You’ll be able to watch Git rewriting trees and commits and then move the branch pointer at the end. It’s generally a good idea to do this in a testing branch and then hard-reset your master branch after you’ve determined the outcome is what you really want. To run filter-branch on all your branches, you can pass --all to the command.

Making a Subdirectory the New Root

Suppose you’ve done an import from another source control system and have subdirectories that make no sense (trunk, tags, and so on). If you want to make the trunk subdirectory be the new project root for every commit, filter-branch can help you do that, too:

$ git filter-branch --subdirectory-filter trunk HEAD
Rewrite 856f0bf61e41a27326cdae8f09fe708d679f596f (12/12)
Ref 'refs/heads/master' was rewritten

Now your new project root is what was in the trunk subdirectory each time. Git will also automatically remove commits that did not affect the subdirectory.

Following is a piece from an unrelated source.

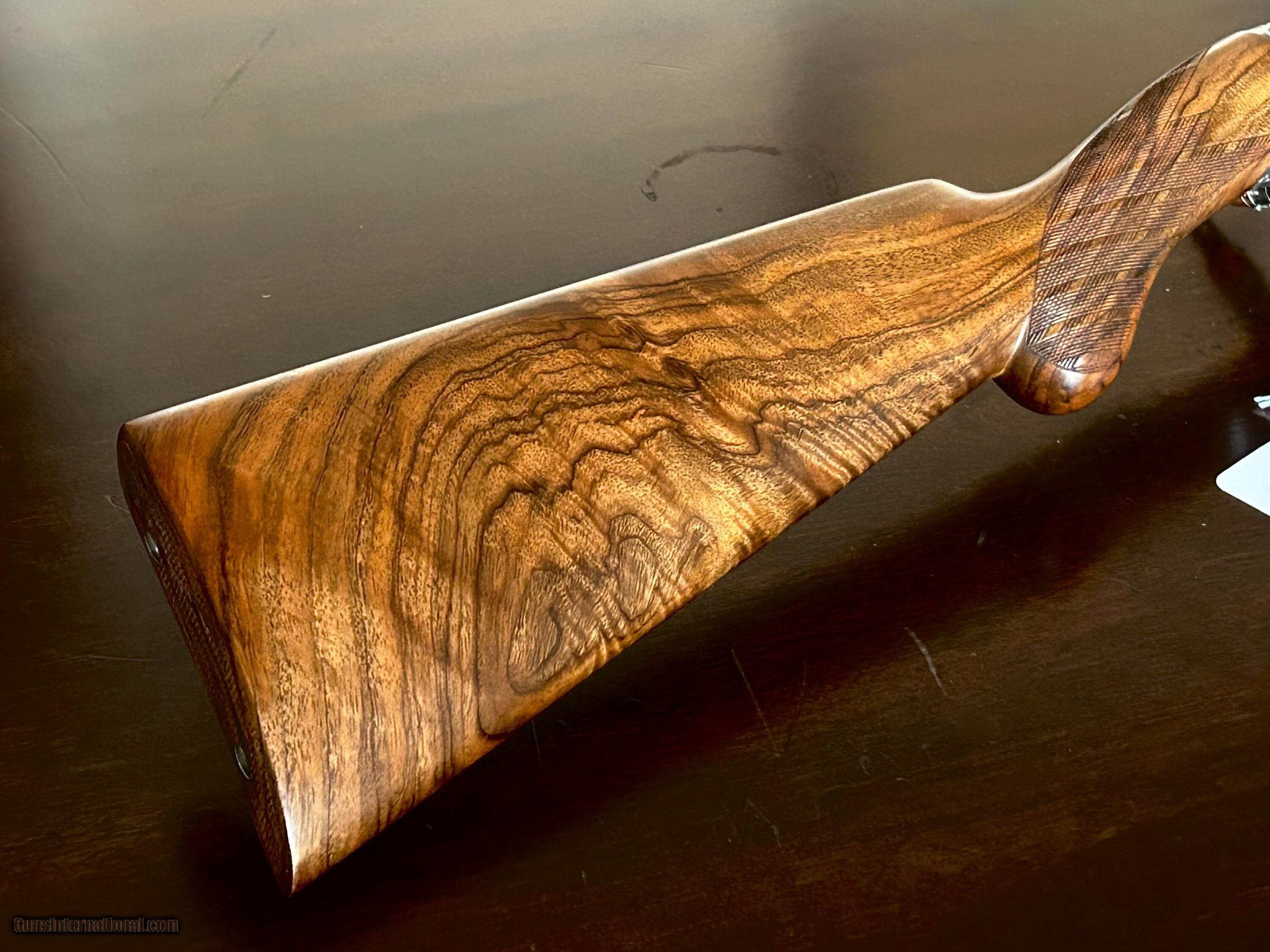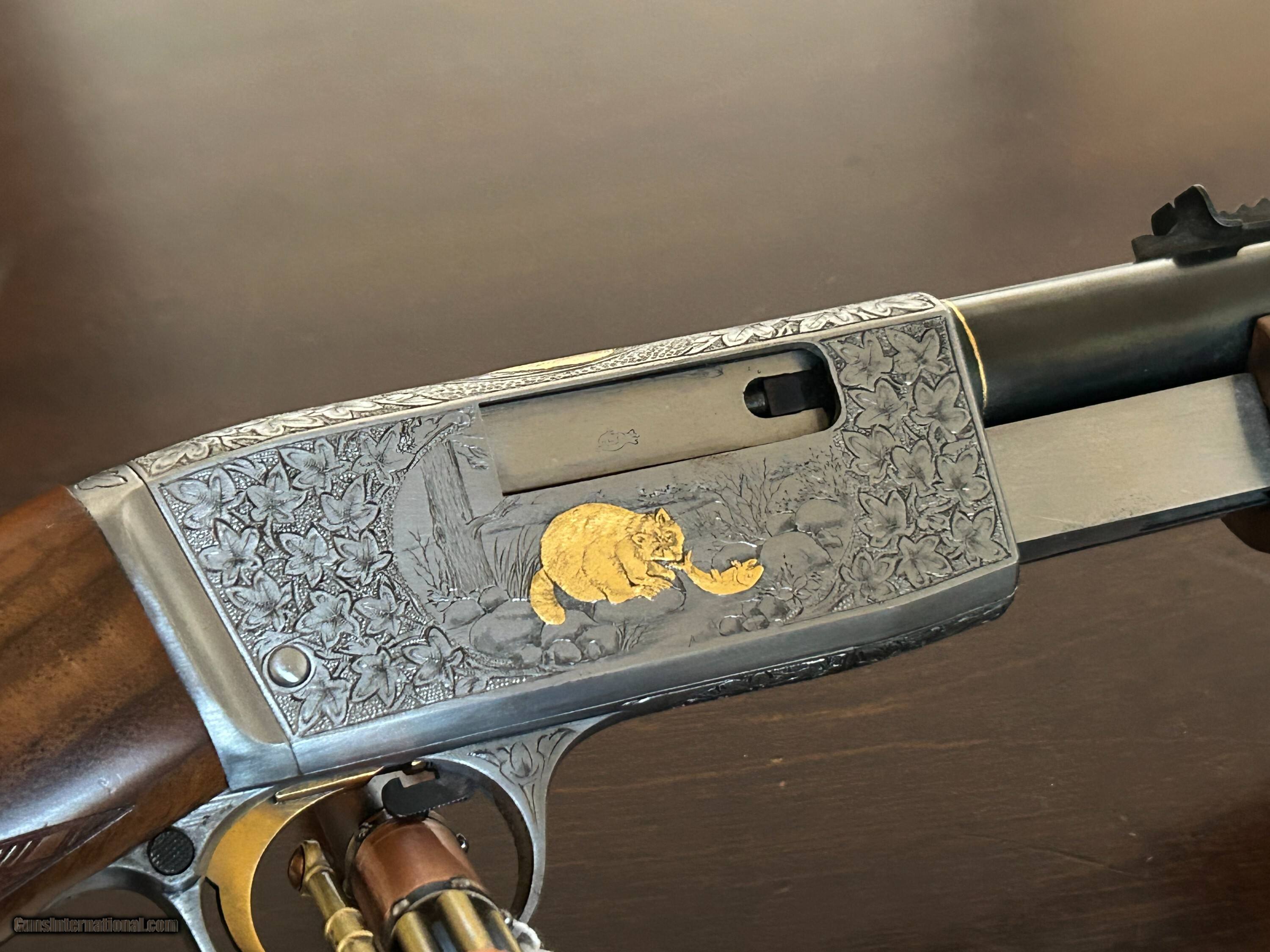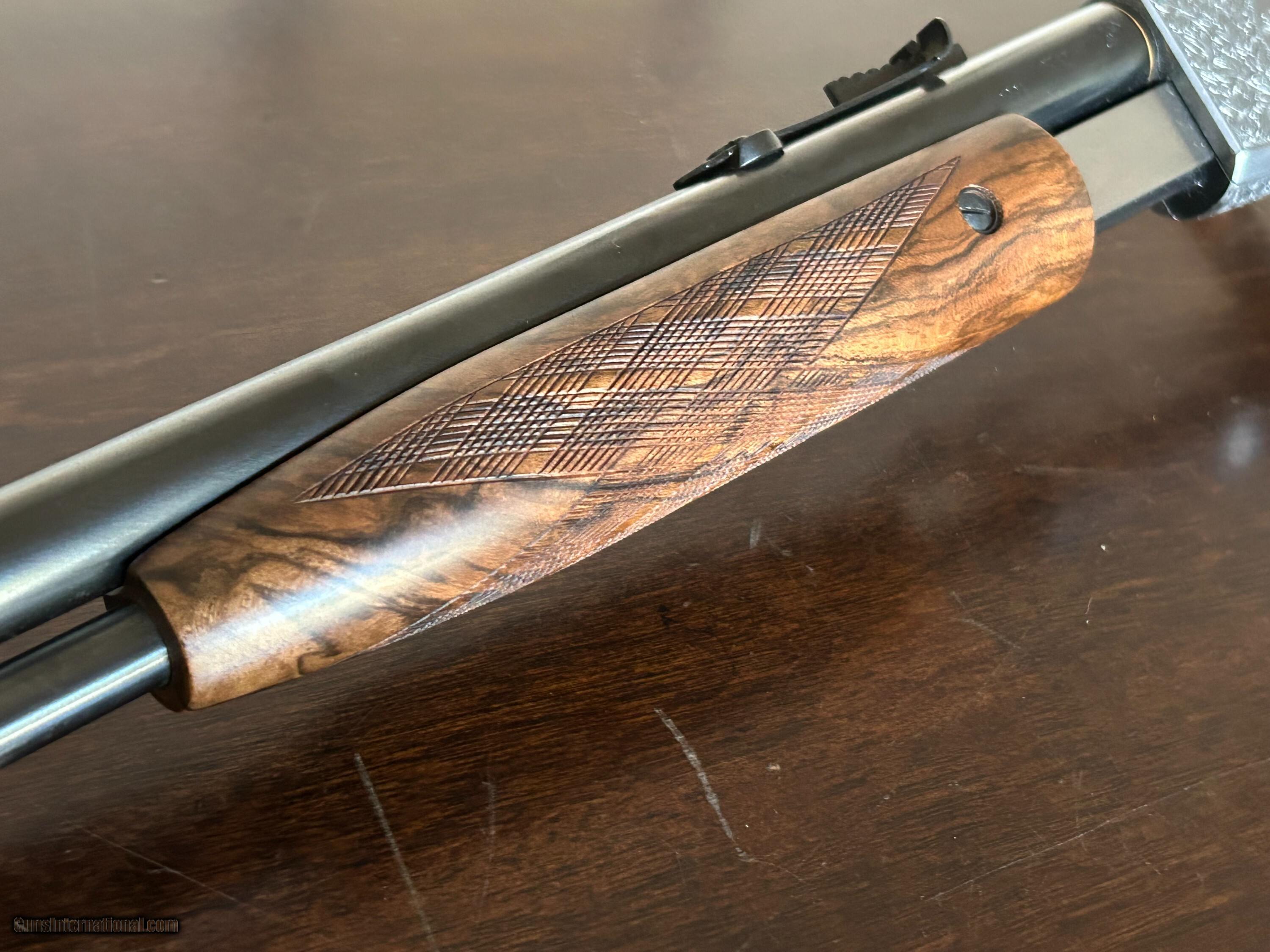 Description: Magnificent Browning Trombone .22lr Gold inlays. checkered butt Amazing wood serial # 143018 Front and rear sights. Superb oil finish Signed on both sides by Angelo Bee. Amazing deep engraving Rifle Caliber: .22 Long Rifle Manufacturer: Browning Model: Trombone Condition: Exc Metal Condition: Exc Wood Condition: Exc Bore Condition: Exc Triggers: single Stock: ROUND KNOB Price: $13,500.00 Contact Seller |

Changing E-Mail Addresses Globally

Another common case is that you forgot to run git config to set your name and e-mail address before you started working, or perhaps you want to open-source a project at work and change all your work e-mail addresses to your personal address. In any case, you can change e-mail addresses in multiple commits in a batch with filter-branch as well. You need to be careful to change only the e-mail addresses that are yours, so you use --commit-filter:

$ git filter-branch --commit-filter '
        if [ "$GIT_AUTHOR_EMAIL" = "schacon@localhost" ];
        then
                GIT_AUTHOR_NAME="Scott Chacon";
                GIT_AUTHOR_EMAIL="schacon@example.com";
                git commit-tree "$@";
        else
                git commit-tree "$@";
        fi' HEAD

This goes through and rewrites every commit to have your new address. Because commits contain the SHA-1 values of their parents, this command changes every commit SHA in your history, not just those that have the matching e-mail address.

Debugging with Git

Git also provides a couple of tools to help you debug issues in your projects. Because Git is designed to work with nearly any type of project, these tools are pretty generic, but they can often help you hunt for a bug or culprit when things go wrong.

File Annotation

If you track down a bug in your code and want to know when it was introduced and why, file annotation is often your best tool. It shows you what commit was the last to modify each line of any file. So, if you see that a method in your code is buggy, you can annotate the file with git blame to see when each line of the method was last edited and by whom. This example uses the -L option to limit the output to lines 12 through 22:

$ git blame -L 12,22 simplegit.rb 
^4832fe2 (Scott Chacon  2008-03-15 10:31:28 -0700 12)  def show(tree = 'master')
^4832fe2 (Scott Chacon  2008-03-15 10:31:28 -0700 13)   command("git show #{tree}")
^4832fe2 (Scott Chacon  2008-03-15 10:31:28 -0700 14)  end
^4832fe2 (Scott Chacon  2008-03-15 10:31:28 -0700 15)
9f6560e4 (Scott Chacon  2008-03-17 21:52:20 -0700 16)  def log(tree = 'master')
79eaf55d (Scott Chacon  2008-04-06 10:15:08 -0700 17)   command("git log #{tree}")
9f6560e4 (Scott Chacon  2008-03-17 21:52:20 -0700 18)  end
9f6560e4 (Scott Chacon  2008-03-17 21:52:20 -0700 19) 
42cf2861 (Magnus Chacon 2008-04-13 10:45:01 -0700 20)  def blame(path)
42cf2861 (Magnus Chacon 2008-04-13 10:45:01 -0700 21)   command("git blame #{path}")
42cf2861 (Magnus Chacon 2008-04-13 10:45:01 -0700 22)  end

Notice that the first field is the partial SHA-1 of the commit that last modified that line. The next two fields are values extracted from that commit—the author name and the authored date of that commit — so you can easily see who modified that line and when. After that come the line number and the content of the file. Also note the ^4832fe2 commit lines, which designate that those lines were in this file’s original commit. That commit is when this file was first added to this project, and those lines have been unchanged since. This is a tad confusing, because now you’ve seen at least three different ways that Git uses the ^ to modify a commit SHA, but that is what it means here.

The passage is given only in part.